The Fed recently hiked rates by 25 basis points. Chief Economist-Asia Pacific, at HSBC, Peter Morgan expects the next hike to come in June and September.
However, he doesn't think that the Fed hike will have a major impact on liquidity in Asia.
Excerpts from CNBC-TV18's exclusive interview with Peter Morgan:
What have you made on what Fed said a couple of days back on possibility of rate hikes in June?
We are also expecting a rate hike in June, primarily because the second quarter growth is still looking reasonably strong given some numbers we had overnight such as weaker retail sales figures and job issues. However, the chance is that probably the Fed will pause in June, so it looks 50-50 in terms of a rate hike in June.
How serious are the inflation concerns that are being raised and how far do you think the Fed will have to go this year?
We are expecting that the Fed Funds won't peak out to 5.5%, so we are looking at a hike in June and then one more in September.

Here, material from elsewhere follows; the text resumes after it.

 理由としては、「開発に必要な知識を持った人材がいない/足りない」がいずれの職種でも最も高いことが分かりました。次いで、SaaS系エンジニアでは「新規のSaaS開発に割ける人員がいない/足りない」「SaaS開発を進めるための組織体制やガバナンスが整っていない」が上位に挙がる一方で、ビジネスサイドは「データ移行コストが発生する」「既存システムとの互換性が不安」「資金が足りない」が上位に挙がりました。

I think the inflation overall has still been well behaved.
The Fed is primarily concerned about the lead indicators of inflation and resource utilization, which means do they see a declining trend in the unemployment rate or do they see that stabilizing? They believe that the US economy at present is at full employment.

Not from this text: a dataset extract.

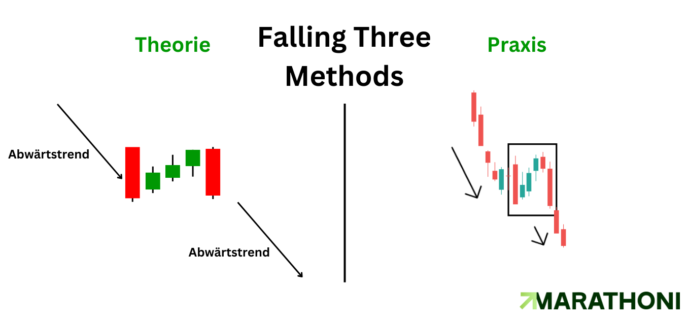Bei dem Muster handelt es sich auch wieder um ein Muster, welches für eine Trendfortsetzung spricht. Wie der Name schon sagt, geht es hier um eine Fortsetzung des Abwärtstrends. Die erste Kerze ist eine bärische Kerze, welche von drei bullischen Kerzen gefolgt wird. Trotz der Stärke bekommen die Verkäufer die Oberhand und schließen die vierte Kerze unter der ersten roten.

The Fed comment suggested that even though some of the near term numbers are strong, they expect
On this commodity business there is a feeling in the market that it could be twisting the Fed's arm and not letting them pause on the rate hike so easily, the way oil and some of the base metals are moving up, do you think that could be an important perspective?
They have put weight on that. But I am not sure if that by itself will be a decisive factor on whether or not they raise rates in June.
What might be the ramifications of this in Asia, both in terms of liquidity and in terms of interest rates?
So far the rate hikes in US haven't had a lot of impact on liquidity, the growth of money and loans has still been strong although it has come off its peak. The key point here is that because the Asian currencies on the whole have been appreciating against the USD, it has given the Central Banks in the region some breathing space, so that they don't match the Fed rate increase by a rate increase.
If one looks at the rates in the region, they are still fairly low. So the impact so far has been quite moderate and even if the Fed Funds give up at 5.5% , it is difficult to think of a negative impact.